Authors: Kate Summerscale
Tags: #Detectives, #Fiction, #Great Britain, #Murder - General, #Espionage, #Europe, #Murder - England - Wiltshire - History - 19th century, #Murder, #Mystery & Detective Fiction, #True Crime, #Case studies, #History: World, #Wiltshire, #Law Enforcement, #Whicher; Jonathan, #19th century, #History, #England, #Mystery & Detective, #General, #Europe - Great Britain - General, #Detectives - England - London, #Literary Criticism, #London, #Biography & Autobiography, #Expeditions & Discoveries, #Biography
Syphilis is an affliction easy to suspect in retrospect, and difficult to prove - Isabella Beeton and her husband, Thomas Hardy and his wife, Beethoven, Schubert, Flaubert, Nietzsche, Baudelaire, van Gogh have all been identified as possible sufferers. The illness was widespread in the nineteenth century - there was then no cure - and was known as the 'Great Imitator' for its capacity to mimic other afflictions, taking on their colours like a chameleon. Since it was usually contracted through illicit sex, its victims hid its existence. Those with the money to buy confidential medical care often succeeded in keeping their secret.
Supposing Samuel caught syphilis in London, the symptoms might have forced his resignation from the dry-salters company and his flight to Devonshire in 1833: the disease manifests itself in painless chancres, usually on the genitals, for the first few weeks, but then produces a fever, aches, and an unsightly rash all over the body. Samuel may have needed to escape from view. If he had 'the pox', his desire for seclusion and secrecy is easier to understand, as is his apparent failure to find another job until 1836.
In the first few months, syphilis is wildly infectious - when Samuel had sex with his wife, the bacteria issuing from the chancres on his body are almost certain to have swarmed through a tiny cut or tear in hers. (These bacteria, which were identified under the microscope in 1905, are known as spirochetes, a name derived from the Greek for 'turning threads'.) The first Mrs Kent would unwittingly have passed the illness on to the babies in her womb. A foetus with congenital syphilis was likely to be miscarried or stillborn, and if it survived birth was typically puny, wizened, feeble, barely able to feed, and prone to die in infancy. Syphilis could have accounted for the several miscarriages that Mrs Kent suffered, as well as the four infants in succession that she saw die. Some children of syphilitic mothers showed no signs of the illness in their youth but grew up to develop notched teeth, bowed legs or other of the symptoms identified by Hutchinson. Perhaps Joseph Stapleton suspected syphilis when he alluded to how a man's 'intemperance' - alcoholic, financial or sexual - could damage his children.
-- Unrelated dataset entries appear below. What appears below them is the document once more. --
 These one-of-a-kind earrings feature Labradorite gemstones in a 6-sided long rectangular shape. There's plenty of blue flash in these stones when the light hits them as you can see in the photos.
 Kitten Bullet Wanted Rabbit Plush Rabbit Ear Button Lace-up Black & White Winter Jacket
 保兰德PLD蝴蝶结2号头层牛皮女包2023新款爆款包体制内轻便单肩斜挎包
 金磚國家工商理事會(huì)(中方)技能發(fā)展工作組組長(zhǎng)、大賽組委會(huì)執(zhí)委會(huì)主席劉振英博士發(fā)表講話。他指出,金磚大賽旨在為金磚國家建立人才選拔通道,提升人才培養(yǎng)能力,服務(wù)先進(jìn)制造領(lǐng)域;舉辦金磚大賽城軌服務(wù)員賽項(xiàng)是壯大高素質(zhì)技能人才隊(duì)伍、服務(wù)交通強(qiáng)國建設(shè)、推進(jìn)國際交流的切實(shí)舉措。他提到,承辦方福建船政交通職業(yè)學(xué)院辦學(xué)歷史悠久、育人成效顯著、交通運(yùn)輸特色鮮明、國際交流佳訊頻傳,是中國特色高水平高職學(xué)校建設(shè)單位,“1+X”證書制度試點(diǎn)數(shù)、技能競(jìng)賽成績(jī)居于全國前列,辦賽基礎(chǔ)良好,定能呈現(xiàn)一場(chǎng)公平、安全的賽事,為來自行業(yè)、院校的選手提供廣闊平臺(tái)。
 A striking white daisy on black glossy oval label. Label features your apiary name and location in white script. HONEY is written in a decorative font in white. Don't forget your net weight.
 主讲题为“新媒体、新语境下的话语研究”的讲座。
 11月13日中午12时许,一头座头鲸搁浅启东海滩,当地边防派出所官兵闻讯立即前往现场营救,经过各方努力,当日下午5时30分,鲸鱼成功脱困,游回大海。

If Samuel had syphilis, he was presumably one of the lucky majority of sufferers who after a year or two showed no obvious further symptoms. But his wife seems to have been one of the unlucky minority who after some years (typically between five and twenty) developed tertiary syphilis, a condition not understood until long after her death: this often manifested itself in personality disorders and then paresis, 'general paralysis of the insane', a steady, incurable deterioration of the brain. As well as explaining her mental illness and frailty, tertiary syphilis could account for her early death (at forty-four) from intestinal blockage - gastrointestinal problems were among the many possible symptoms, and death usually took place between fifteen and thirty years after the initial infection.
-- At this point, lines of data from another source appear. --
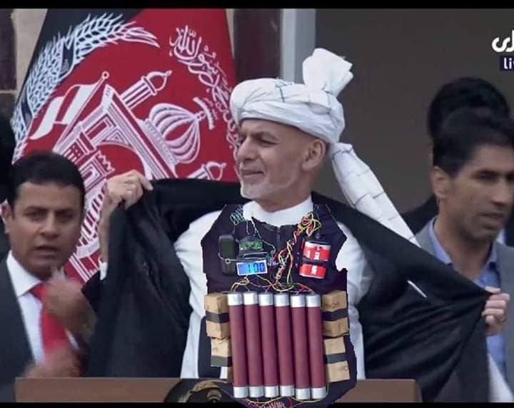 این تصویر فتوشاپ شده واکنش کاربران شبکه های اجتماعی را به دروغگویی و نمایش اشرف غنی احمدزی و برادران طالب و انتحاری اش نشان می دهد.
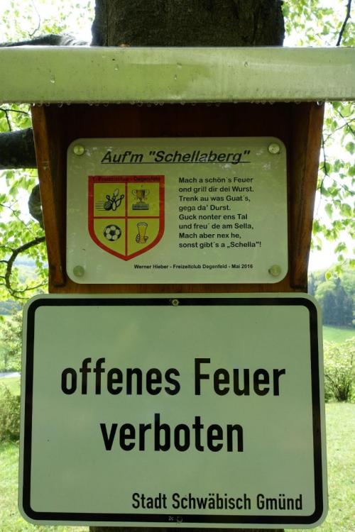 OT: Ohje - ich hatte noch gar nicht daran gedacht, dass mein letzter Beitrag hier in einem "Leicht und seicht" Faden auch das Potential hat erneut über das Thema "verantwortungsvoller Umgang mit Feuer" zu sprechen. Wenn ich das Emoji von @fatrat richtig interpretiere, dann findet er es schade, dass das im Gedicht vom Freizeitclub geschildertete Freizeitvergnügen "Feuerle macha - Würschdle grilla" von der Stadt untersagt wird. Finde ich prinzipiell auch schade. Die Stadtverwaltung lässt sich aber auch gut verstehen, wenn man den Kontext kennt. Hier noch eine Aufnahme mit der Umgebung um das Schild herum. Vorne links im Bild wurden Steine verlegt, dort hat man vermutlich immer mal wieder Feuer gemacht. Die Bank vor dem Schild ist an den Baum angekettet (!), vermutlich um eine Verwendung als Brennmaterial zu verhindern (im näheren Umkreis findet man kein Totholz, ist alles abgesammelt). Direkt angrenzend ist Heidelandschaft mit Magerrasen, bei Trockenheit brandgefährlich. Zumal es keine richtige Feuerstelle gibt, also eine windgeschützte Einfassung, die Funkenflug vermindert. OT: Kurios fand ich die zwei Schilder mit genau gegensätzlicher Aussage trotzdem.
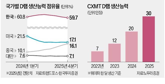 캐파 확장은 현재진행형이다. 13일 노무라증권 최신 보고서에 따르면 CXMT의 D램 생산능력은 올해 말 20만 장으로 증가하고, 내년에는 30만 장으로 늘어난다. 전 세계 생산량의 15%를 CXMT가 차지한다는 얘기다. 생산능력만 놓고 보면 3위 마이크론(약 20%)을 거의 따라붙는 규모가 된다. 삼성전자와 SK하이닉스의 D램 생산능력은 각각 40%와 30% 안팎이다.
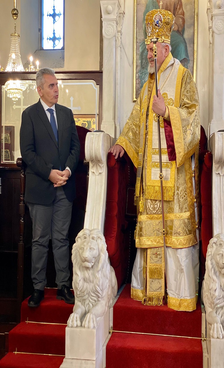 Μετά την αρχιερατική λειτουργία ο Μάξιμος Χαρακόπουλος και οι βουλευτές της ΔΣΟ είχαν την ευκαιρία στο αρχονταρίκι της ενορίας να συζητήσουν με τον πρόεδρο της εφοροεπιτροπής, καθηγητή πανεπιστημίου κ. Γιώργο Σταφανόπουλο και τον αντιπρόεδρο του Συνδέσμου Υποστήριξης Ρωμαίικων Κοινοτικών Ιδρυμάτων (ΣΥΡΚΙ) και διευθυντή του Ζωγράφειου Λυκείου κ. Γιάννη Δεμιρτζόγλου για ζητήματα που απασχολούν την ομογένεια της Κωνσταντινούπολης.

It is tempting to blame syphilis for the similarly early death of the second Mrs Kent, who became paralysed and almost blinded before dying in Wales at forty-six - her symptoms are characteristic of tabes dorsalis, also a manifestation of tertiary syphilis - but she could only have caught it from Samuel if he became re-infected. This was possible. Samuel would have thought himself cured once his chancres and rashes subsided. Mid-Victorians believed that the pox could not be caught twice - a myth that arose because re-infection was not accompanied by lesions or spots.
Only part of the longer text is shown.